Les voltigeurs patrouillent le champ extérieur. Ils sont trois, à gauche, au centre et à droite. En français populaire du Québec, on dira volontiers qu’on joue à la vache pour désigner cette partie du terrain, située entre la clôture, elle-même annoncée par une piste d’avertissement, et le champ intérieur ou avant-champ.
Les voltigeurs de centre ont souvent beaucoup de terrain à couvrir; voilà pourquoi ce sont des marchands de vitesse. Pour des raisons assez peu claires, c’est au champ gauche que naîtraient les idées les plus inattendues.

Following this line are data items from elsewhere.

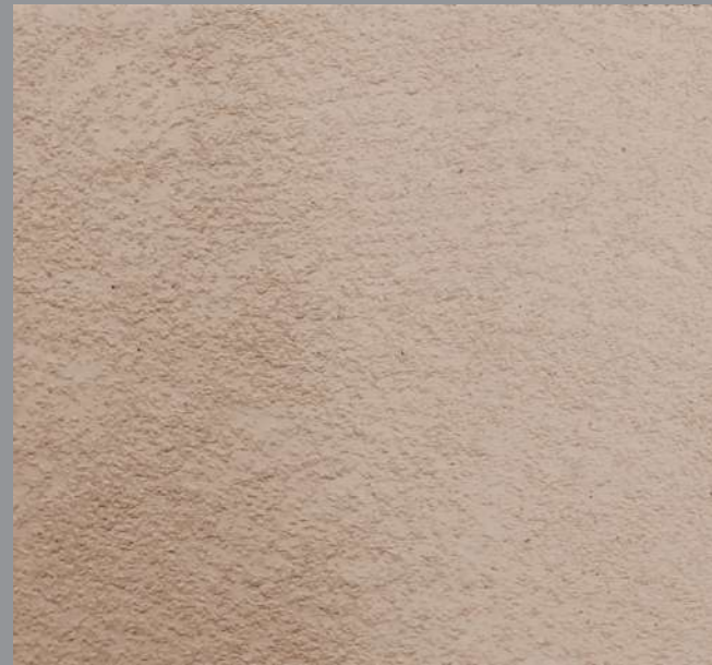
Col. 044 — 1Toner code 50441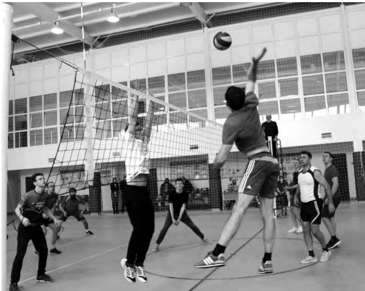
Острые моменты игры.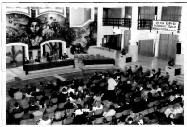
Az OTDK-ra érkező Dávid Ibolya igazságügyminiszter

Pendant longtemps — l’Oreille tendue n’est pas allée vérifier récemment —, les voltigeurs de droite avaient assez mauvaise réputation; ce n’était pas toujours les meilleurs éléments en défensive de l’équipe.

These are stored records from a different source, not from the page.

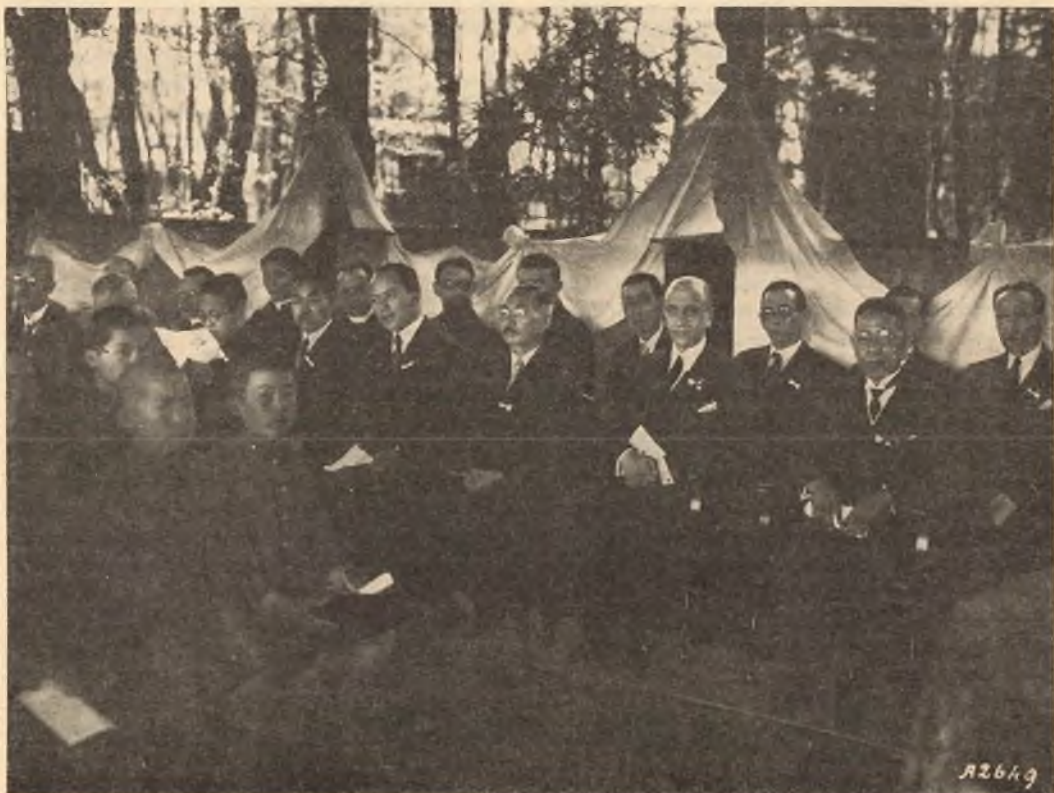
Giappone - Tokio. - Le Autorità intervenute alla testa col nostro Ambasciatore.

Numerosi anche gli oratoriani dell'incipiente Oratorio Festivo. Il programma stabilito fu svolto con fede e con amore, e riuscì di piena soddisfazione a tutti. Il poderoso coro dei nostri chierici specialmente nella Messa Cantiam di Don Bosco a tre voci, scritta per l'occasione, nella solenne antifona Corona aurea , nell'operetta Marco il pescatore tradotta in giapponese, si affermò tra la meraviglia e il compiacimento universale. Il Primo Reparto Esploratori Cattolici di Tokio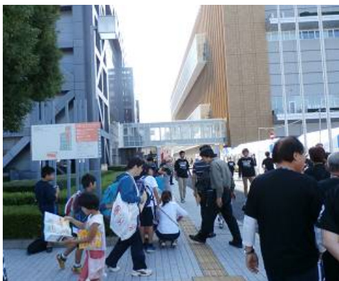
左 国立スポーツ科学センター

主催 文部科学省・日本スポーツ振興センター・日本体育協会・日本オリンピック委員会 日本レクリエーション協会・日本オリンピックズ協会・読売新聞社 平成 25 年 10 月 14 日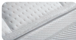
• riposa Platinumkante: Zeichen für Qualität und Perfektion, Haute Couture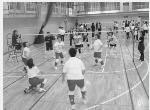
熱戦を繰り広げた婦人会会員

Qu’attend-on de ces joueurs ? Qu’ils jugent bien les balles, qu’ils fassent de bons relais — ce qui exige d’avoir un bon bras —, qu’ils ne ratent pas l’intercepteur (quand il y a des coureurs sur les sentiers), qu’il coupent le coureur sur un but ou au marbre (ce qui n’est pas très fréquent). On félicitera un joueur qui plonge pour attraper une balle basse pour son vol au sol. Les attrapés ou catchs les plus difficiles sont ceux que l’on fait dos au marbre.
À l’avant-champ, on trouve de gauche à droite, du point du vue du frappeur, le troisième but, l’arrêt-court, le deuxième but et le premier but. Au Québec, le but peut-être un coussin; en France, une base. On appelle parfois l’arrêt-court, au Québec, l’inter; on peut même, à l’occasion, le dire diminutif. Sur l’échelle de la valeur défensive, le joueur de premier but est l’équivalent du voltigeur de droite : indispensable, mais ce ne sont pas toujours les meilleurs athlètes. (Il a été question du receveurlà.)
Les doubles jeux sont l’ami des lanceurs : faire d’une pierre deux retraits. Certains sont automatiques; d’autres demandent plus d’efforts pour réussir à bien les tourner. Meilleur encore, mais beaucoup plus rare, il y a le triple jeu : le triple retrait vaut bien sûr mieux que le double. Dans le doute, il est plus sûr de s’abstenir : un retrait sûr, sur un choix de l’intérieur, c’est un retrait; ce n’est pas à dédaigner.
Dans la mesure du possible, les joueurs en défensive devraient éviter de jongler avec la balle ou de l’attraper du bout du gant; cela pourrait donner des sueurs froides à leur entraîneur, voire mener à une erreur. Ils sont appelés à capter des ballons, des chandelles ou des flèches, mais aussi à intercepter, saisir ou gober des roulants, ces balles que l’abbé Étienne Blanchard a suggéré de nommer des lapins et la Société du parler français, des coups rasants. Sur leur revers, c’est un peu plus compliqué, surtout si la balle fait un bond capricieux ou si elle a des yeux. Ils doivent réagir rapidement, que la balle soit en jeu ou dans le territoire des fausses balles. Si, par extraordinaire, ils volent un coup sûr, un double, un triple ou un circuit, on les louange (à juste titre). Les joueurs retirés par leurs bons offices constituent des retraits; on Québec, on les dit morts. Chaque année, les meilleurs joueurs défensifs reçoivent un gant doré.
Les stratégies varient selon le nombre de coureurs et leur position. On ne joue pas de la même façon avec des coureurs aux extrémités (le premier et le troisième but), les buts remplis, les sentiers déserts, etc. Les entraîneurs conservateurs jouent le livre; ils fondent leurs décisions sur la tradition que ce livre (imaginaire) contiendrait.
De la même façon qu’il y des civilisations de l’oral, il y a des sports du livre.